My Quarter-Life Crisis: I Wanna Be A Grown Woman Too!
“You know you’re about to be grown, right? You are grown at 25, but when you turn 26 this month, that’s really it. Next is 30!”
My dear, dear, blunt friend told me that this morning. And while she smiled and went on her way, I was left with the nerve she hit. Not the last one, thankfully, but if I’m not careful I may only have a few left! Between wrestling through childhood struggles, figuring out what I want to do with my life, and being reminded of my singleness by all the weddings and baby showers, this past year I’ve been having a quarter-life crisis! And from the texts I get from my friends, I see I’m not alone.
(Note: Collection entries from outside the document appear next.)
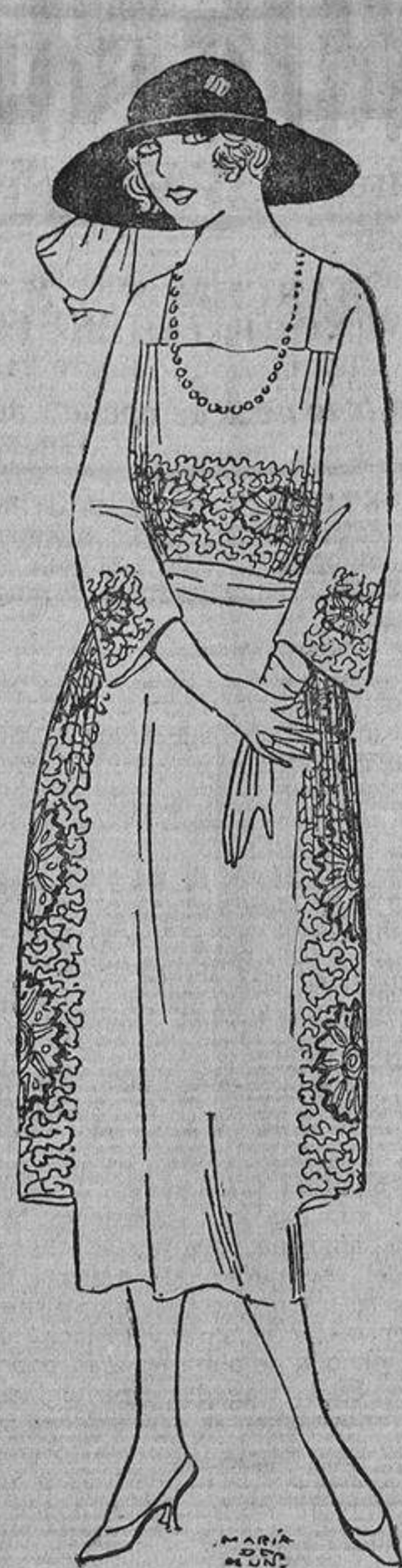
Para visita o teatro este vestido de terciopelo «frisson», de un delicado tono gris de reflejos azules, bordado con cuentas e hilo de acero.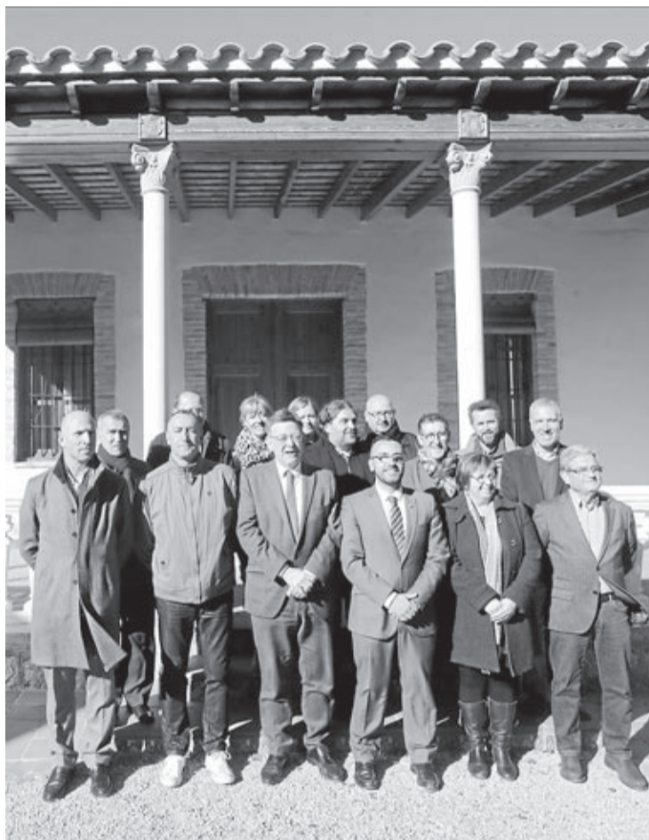
Puig conoció la labor del Consorcio, en una reunión con los responsables.

Puig ha destacado el ejemplo de «gobernanza común» que supone el Consorcio del Millars y la apuesta de la Generalitat por preservar la naturaleza como un compromiso con las generaciones futuras. «El Mijares es uno de los ríos más aprovechados del mundo; vinculado a la humanización, por el trabajo que se ha realizado permanentemente para adecuarlo a las necesidades de la población y conseguir, así, que la agricultura fuera ese factor de crecimiento económico que siempre ha sido», señala el presidente de la Generalitat. Por ello, Puig aboga por estudiar fórmulas que permitan combinar la naturale-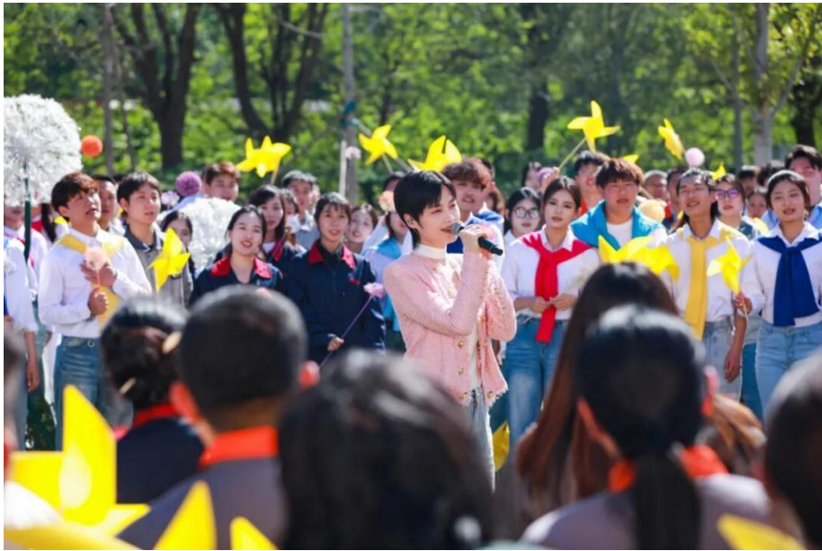
【图 2-1】五一国际劳动节特别节目现场录制

学校不仅精心打磨校内艺术实践平台，同时积极整合社会资源，为学生创造丰富多元的校外实践机会。通过参与大型文艺演出、艺术赛事、公益文化服务等活动，学生得以在真实的艺术场景中淬炼技艺、积累经验。校内外实践活动相互补充、协同发展，共同构建起立体化、全方位的艺术实践教育生态，为培养德艺双馨的艺术人才奠定坚实基础。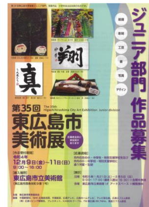
ジュニア部門作品募集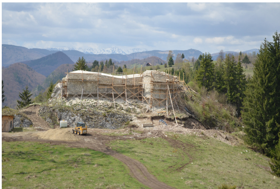
Felújítják Királykő várát

A Német Lovagrend délebbre is eljutott. A rend hódításaival a király a Dunáig terjesztette birtokát. Miután 1225-ben II. Endre kiűzte a Teuton Lovagrendet az országból, a délkeleti részek védelmét az Erdély hercegévé kinevezett trónörökös vette át. Béla herceg a Déli-Kárpátok, az Olt és a Duna közötti területeken létrehozta a Szörényi Bánságot, így szilárdította meg a magyar uralmat, 1226 körül pedig Milkó központtal missziós püspökséget alapított. Egyes történészek a Lovagrenddel hozzák kapcsolatba Argyasudvarhely ( Ardisis , Argen , Curtea de Argeș ) alapítását is, amely 1310 körül a Kárpátoktól délre fekvő kenézségeket egyesíteni próbáló Ivanko Bazarad fejedelem udvara volt. Az udvar az 1330-as magyar támadás során megsemmisült. 1381-ben Nagy Lajos király kérésére a pápa itt hozta létre az esztergomi érsek

I remember going to college full of hopes and dreams for my future, and graduating with a head full of doubt. Four years later, while I’ve had the opportunity to work with some talented people and had a great deal of fun along the way and still am, I often wonder whether I’ll ever get anywhere near where I dreamed I’d be in life. I’m getting to do what I love (writing) by way of different platforms, but doing what you love doesn’t always pay the bills. Every now and then I find myself on Indeed.com considering applying for a full-time job somewhere I don’t want to work, so that I can stop living the life of a starving artist with supportive parents. I want to be able to pay my bills, give gracefully to my church and other organizations, save, shop, eat good and travel like other grown folks. Well, I do some of that now, but I want to be able to without praying for a freelance or babysitting gig afterwards to make up for the money I just spent treating myself. I want to live comfortably. But I also want to do what I love. Is that asking too much? I mean who buys cake not to eat it too?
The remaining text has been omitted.